Linux Administration
Network Configuration & Troubleshooting
In this lesson
Network configuration and troubleshooting goes beyond setting an IP address. Real-world server networking involves multiple redundant links, logical segmentation with VLANs, precise socket inspection, and packet-level diagnosis when standard tools cannot pinpoint the problem. This lesson builds the advanced toolkit that closes the gap between "the network is broken" and "the exact packet on the exact port is being dropped by this specific rule."
Advanced ip Command Usage
The ip command suite covers far more than addresses and routes. Its sub-commands for monitoring, policy routing, network namespaces, and statistics give administrators precise, real-time visibility into every aspect of the network stack.
| Sub-command | Purpose |
|---|---|
ip addr |
View and manage IP addresses on interfaces. |
ip link |
Manage network interfaces — rename, set MTU, bring up/down, create virtual devices. |
ip route |
View and manipulate the kernel routing table. Supports multiple routing tables via table parameter. |
ip neigh |
ARP/NDP neighbour table — IP-to-MAC mappings. Add, delete, or flush entries. |
ip rule |
Policy routing rules — route traffic based on source IP, tos, or fwmark rather than just destination. |
ip netns |
Network namespaces — isolated network stacks. The foundation of container networking. |
ip -s link |
Show per-interface statistics — RX/TX packets, bytes, errors, dropped, overruns. |
# Monitor network events in real time — interface state changes, address changes
ip monitor all
# Watch interface statistics refresh every second
watch -n 1 'ip -s link show eth0'
# Manage the ARP cache — useful when a remote host has changed its MAC
ip neigh show
ip neigh flush dev eth0 # flush all ARP entries for eth0
sudo ip neigh add 192.168.1.50 lladdr 52:54:00:ab:cd:ef dev eth0 # add static entry
# Change interface MTU (e.g. for jumbo frames on a 10GbE network)
sudo ip link set eth0 mtu 9000
# Rename an interface
sudo ip link set eth0 name wan0
# Create a dummy interface for testing
sudo ip link add dummy0 type dummy
sudo ip addr add 10.99.0.1/24 dev dummy0
sudo ip link set dummy0 up# ip -s link show eth0
2: eth0: <BROADCAST,MULTICAST,UP,LOWER_UP> mtu 1500 state UP
RX: bytes packets errors dropped overrun mcast
14285312 98421 0 0 0 0
TX: bytes packets errors dropped carrier collsn
3932160 27841 0 0 0 0
# ip neigh show
192.168.1.1 dev eth0 lladdr 52:54:00:11:22:33 REACHABLE
192.168.1.20 dev eth0 lladdr 52:54:00:44:55:66 STALE
What just happened? ip -s link showed zero errors and zero dropped packets on eth0 — a healthy interface.

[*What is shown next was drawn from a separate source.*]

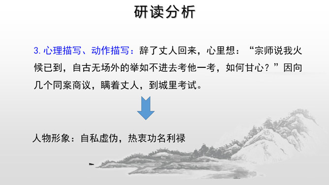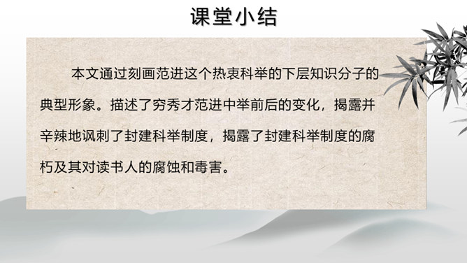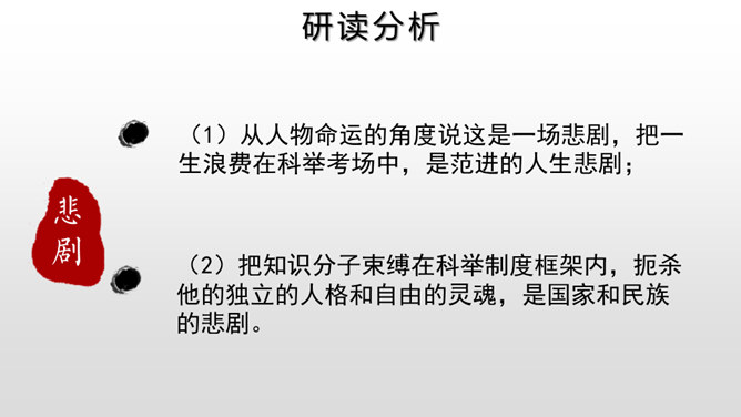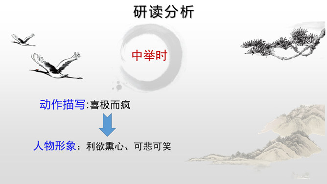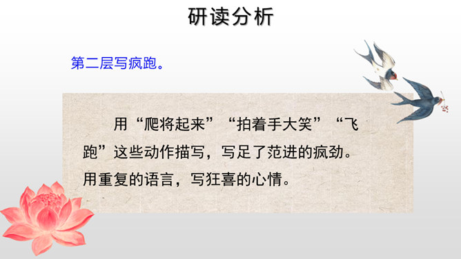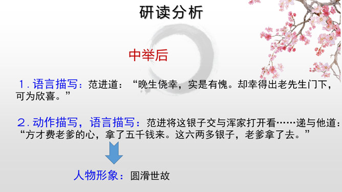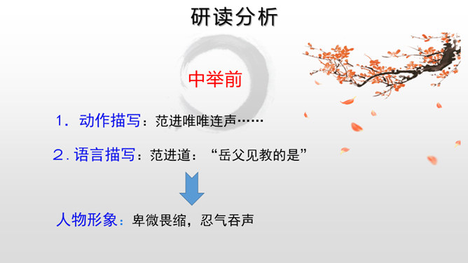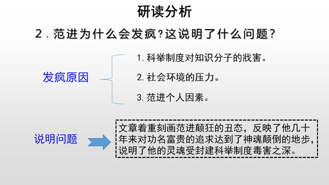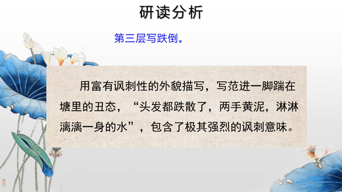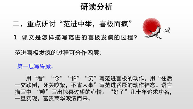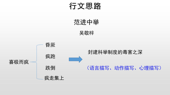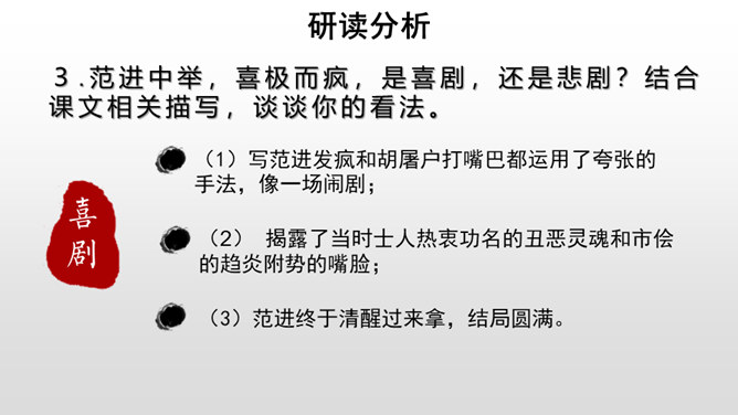 速读课文,画出描写范进的有关内容,说一说中举前后,范进本人有哪些变化?作者运用那些方法来刻画范进这个人物?说说范进是一个怎样的人?用“看”“念”“拍”“笑”写范进喜极的动作,用“往后 一交跌倒,牙关咬紧,不省人事”写范进昏厥的动作神态。语言描写中 “噫”写出惊喜过望的心情。“好了”几十年追求功名,一旦实现,富贵荣华滚滚而来。用“爬将起来”“拍着手大笑”“飞跑”这些动作描写,写足了范进的疯劲。用重复的语言,写狂喜的心情。用富有讽刺性的外貌描写,写范进一脚踹在塘里的丑态,包含了极其强烈的讽刺意味。所属专题:范进中举ppt。

The ARP table shows the gateway (192.168.1.1) in REACHABLE state, meaning it has recently been confirmed active. The STALE entry for 192.168.1.20 means it has not been confirmed recently but the MAC is still cached — it will be probed on next use. Persistent errors or dropped packets in the statistics are the first indicators of a hardware or driver problem.
Bonding and VLANs
Production servers often need more than a single network interface. Bonding (also called teaming or link aggregation) combines multiple physical interfaces into one logical interface for redundancy or increased throughput. VLANs (Virtual LANs) segment a single physical link into multiple logical networks — the switch tags traffic with an 802.1Q VLAN ID, and Linux creates virtual sub-interfaces to handle each tag.

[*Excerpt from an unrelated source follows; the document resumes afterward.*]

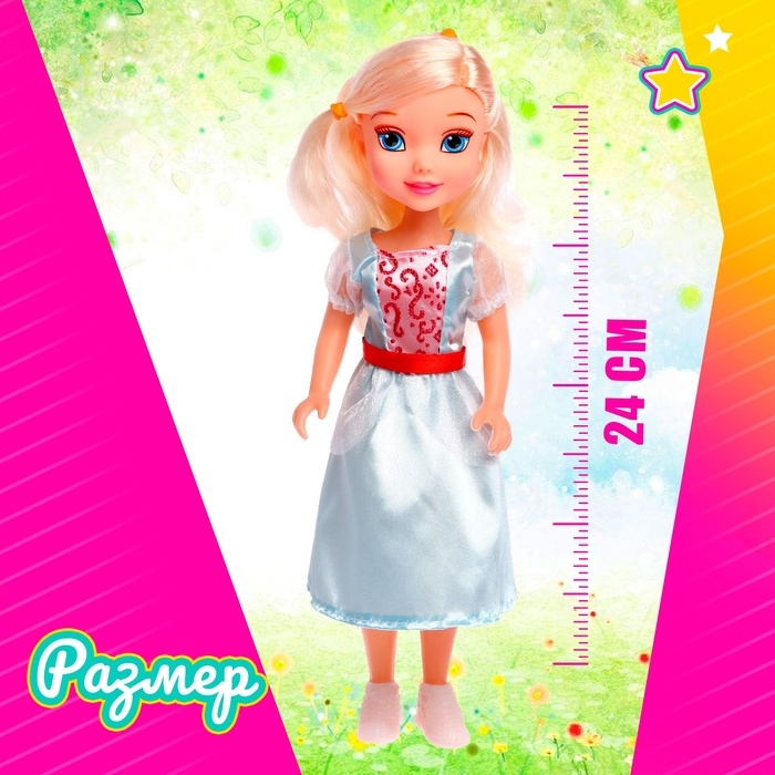 Высота игрушки: 24 см. Куклу можно купать, одежда и обувь снимаются.

Network Bonding — Link Aggregation
Multiple physical NICs appear as one logical interface. Common modes: active-backup (failover), balance-rr (round-robin), 802.3ad (LACP — requires switch support).
# Netplan bond example
bonds:
bond0:
interfaces: [eth0, eth1]
parameters:
mode: active-backup
primary: eth0
VLANs — Logical Segmentation
One physical interface carries traffic for multiple networks. Each VLAN creates a sub-interface named eth0.10 (interface.vlan-id). Requires a trunk port on the connected switch.
# Netplan VLAN example
vlans:
eth0.10:
id: 10
link: eth0
addresses: [10.10.0.5/24]
eth0.20:
id: 20
link: eth0
addresses: [10.20.0.5/24]
# ── Create a bond manually (temporary) ───────────────────────────
# Load the bonding kernel module
sudo modprobe bonding
# Create the bond interface
sudo ip link add bond0 type bond mode active-backup
# Add physical interfaces as bond members (take them down first)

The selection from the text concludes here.